全員疲れていたが、それでも、普段から行っている模擬戦の方がもっと辛い。

今回の戦闘では、大きなダメージは最後の術によるものだけなので、回復も速いだろう。


「到着。」

ヴィレイサーは降りたった所で膠着せず、目的の墓石に足を運んだ。


「ただいま、母さん・・・。」

彼が静かに見つめる墓石に刻まれた名は、『クイント・ナカジマ』だった。

「『ゼスト隊長』と『メガーヌ姉さん』は、やっぱり来てないな。」

[そのようですね。]

「さて、手紙はここでいいよな。 『スバル達』なら気付くだろ。

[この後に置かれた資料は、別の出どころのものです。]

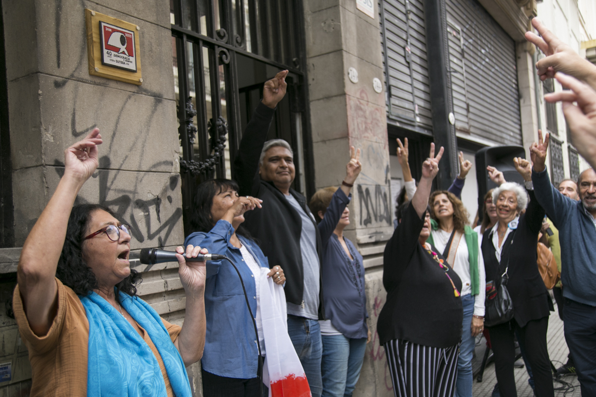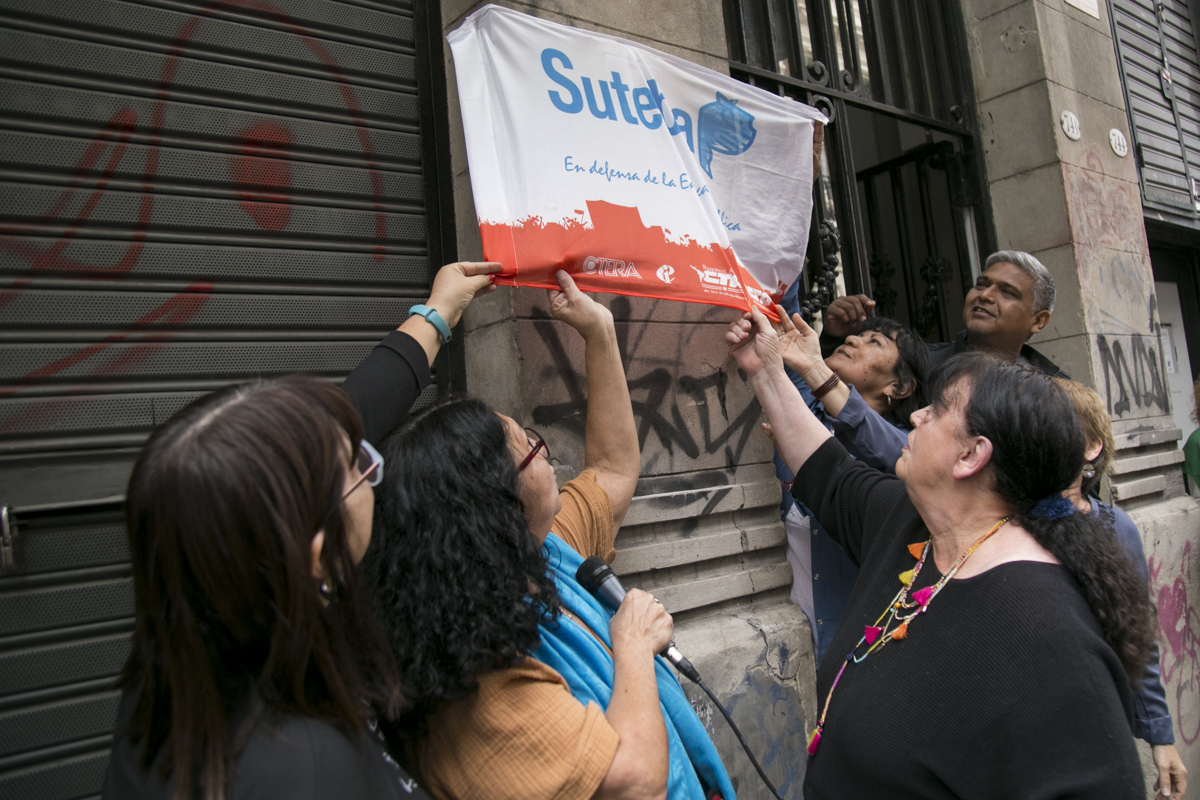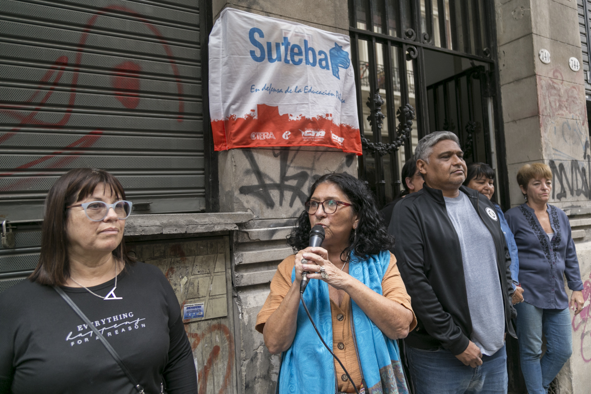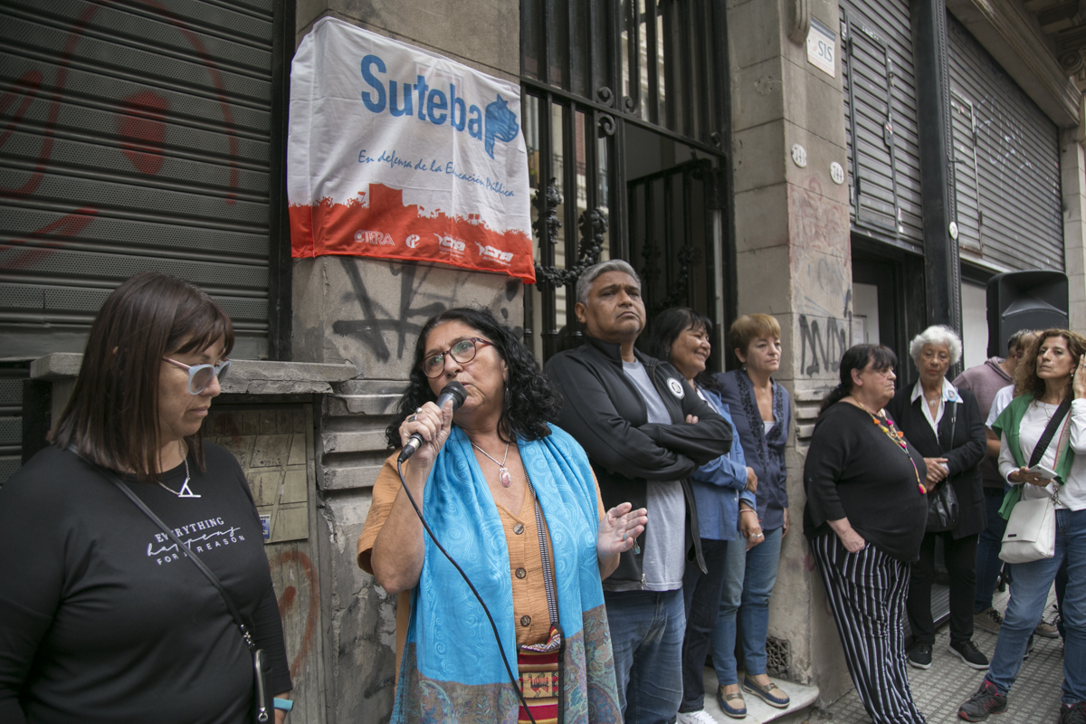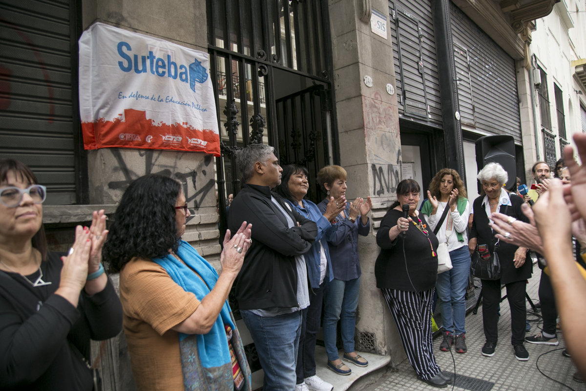 Abrió el emotivo acto Patricia Romero Díaz, Secretaria de Derechos Humanos de nuestro Sindicato, quien señaló: "Vamos a señalizar hoy nuestra Sede Central para poner una huella, una marca de Memoria en nuestra Sede Sindical, como una manera de ratificar el compromiso que asumimos hace 37 años, en aquel Congreso constitutivo del SUTEBA donde colocamos una silla vacía en representación de nuestrxs 30.000 compañerxs detenidxs desaparecidxs. Ese fue nuestro sello de orígen, nuestro ADN".

」

今日はヴィレイサーの母、クイントの命日だった。

自分をあの忌々しい『研究所』から助けだしてくれた母、姉、そして隊長。

名を冠してもらった後、彼らの部隊に所属するが、
戦闘機人事件の時は部隊から外され、後悔ばかりしていた。

母のクイントは殉職。 メガーヌとゼストは遺体すら戻って来なかった。


(そういえば、姉さんの娘さんも行方不明なんだよな。
 必ず探し出さないと。)

「じゃあ、行ってきます。
 母さん。」

ヴィレイサーは踵を返し、レーベへと向かった。